The Real Estate Investor’s Creative Financing Ideas

Finding Financing – Creative Ideas

For many years, the way to finance real estate was to make a 20% down payment, and get a loan for the remaining 80%. Of course you could make a higher down payment, but 20% was typically the minimum. Luckily, this standard has changed.

There are now several finance options available to the real estate investor. One popular way to finance your purchase is to have a second mortgage. The buyer makes a 5% down payment, and borrows the remaining 15%, usually at a higher interest rate, on a different loan.

Even though it’s nice to invest less on a property, the higher interest rate isn’t the only drawback.
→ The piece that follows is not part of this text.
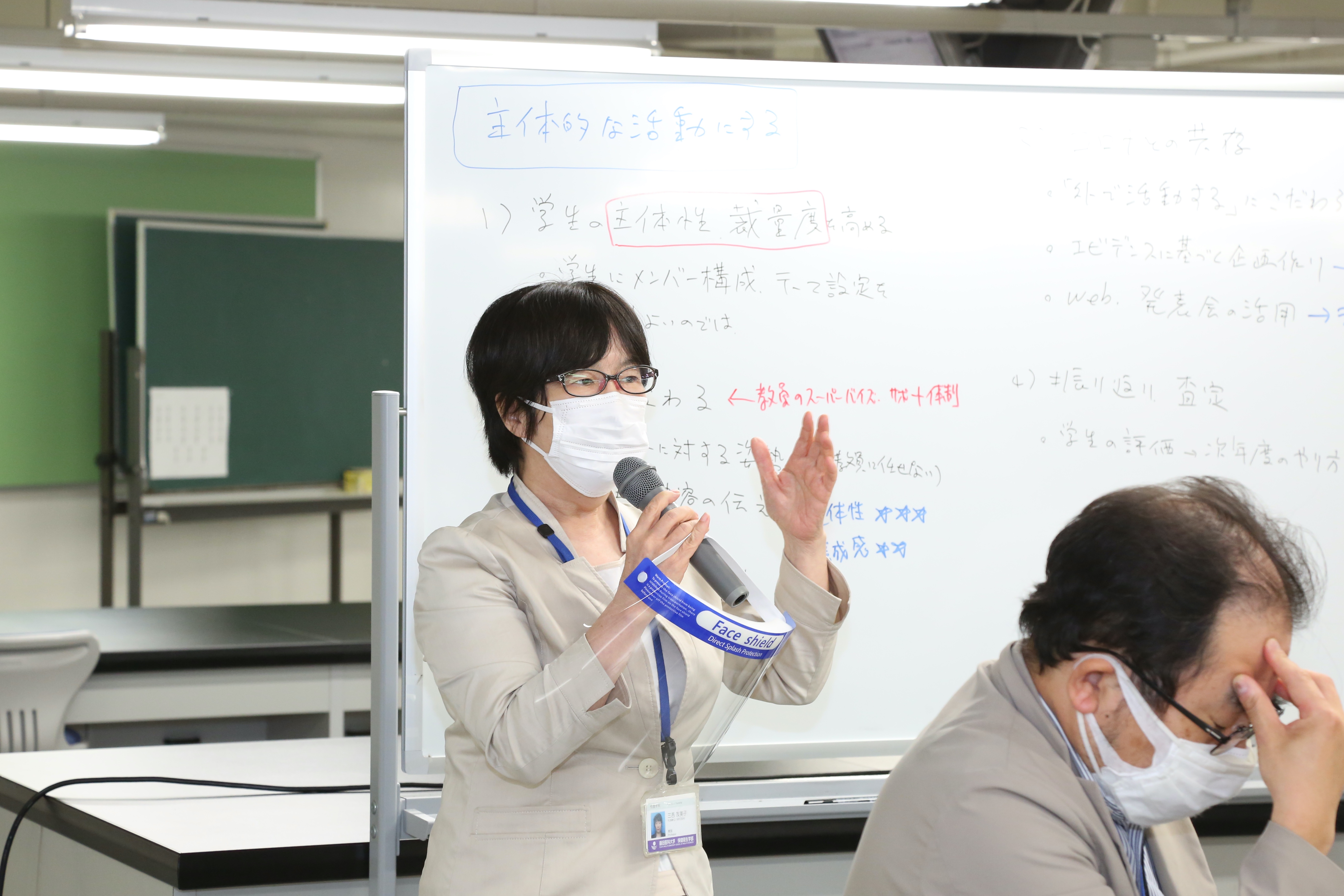 | WSの総評として、アセンブリ教育センター長の大槻眞嗣先生が各班から提案された内容を整理しました。提案された内容をヒントにして、学生と教職員にとって魅力的なアセンブリⅡとなるようにしていきたいとの意気込みをもってワークショップを締めました。 |

Usually, if the buyer does not meet the 20% minimum, they are required to get costly private mortgage insurance (PMI).

You are able to remove PMI when the loan-to-value (LTV) ratio reaches 80%. This is achieved by paying down the second mortgage and appreciation of the property value. This does not happen often because the property is usually sold or the buyer refinances before PMI can be removed.

For creative investors, other financing sources exist. Manufacturers of homes in planned developments are often willing to provide financing to early buyers.

Another risky and rather complicated way of financing a property is called ‘sub2′ which stands for ‘subject-to’. This type of deal is when the seller gives you the deed to the property, the loan stays in place, but the buyer never legally takes over the loan, just the payments. There are many different versions of this kind of transaction. Because of the complexity and risk, this method of funding an investment is not recommended for beginners.

You can also consider forming a limited partnership to finance your real estate investment. There are many different arrangements on this method. Some types involve each person in the partnership contributing in a portion of the cost, usually 50% each. However, sometimes the profit is distributed relative to the original amount invested. Another arrangement is that one half of the partnership contributes the capital, and the other half provides the needed services, such as repairs on a home that needs to be fixed. There are many different variations of this method.

How about the Lease Option? The lease-option allows a potential investor to lease the property and have some, or all, of the lease money applied to the purchase price if the potential buyer exercised the option to purchase. The investor then sub-leases the property with the option to buy or just rent it out.

In a conventional lease with option to buy, the seller charges the buyer a nonrefundable fee for the option to purchase the property at some agreed-upon point in time. The amount can vary depending on how eager the seller is to sell and the size and quality of the house. Typically, the higher the fee, the better the buyer maintains the property.

Because the lessee has made no down payment, the monthly rental fee is typically higher than prevailing market rates. The two parties agree on what portion of the rent will be applied to the down payment. Any amount can be credited.

Government loans are available to low income investors, or buyers who have served in the military. These programs are usually only available for primary residences.

Did you ever think about buying a home on a credit card? This is another method of financing your real estate purchase, although it’s usually not recommended. Obviously, the interest rates on most credit cards are substantially higher than loan rates. Another drawback is that lenders determine your creditworthiness based on your outstanding debt, and if you use credit card cash advances to cover the 5-20% down payment that you need, you’ll probably get turned down for a loan. This is also true for money borrowed from friends or family, unless you can show that the money is truly a gift.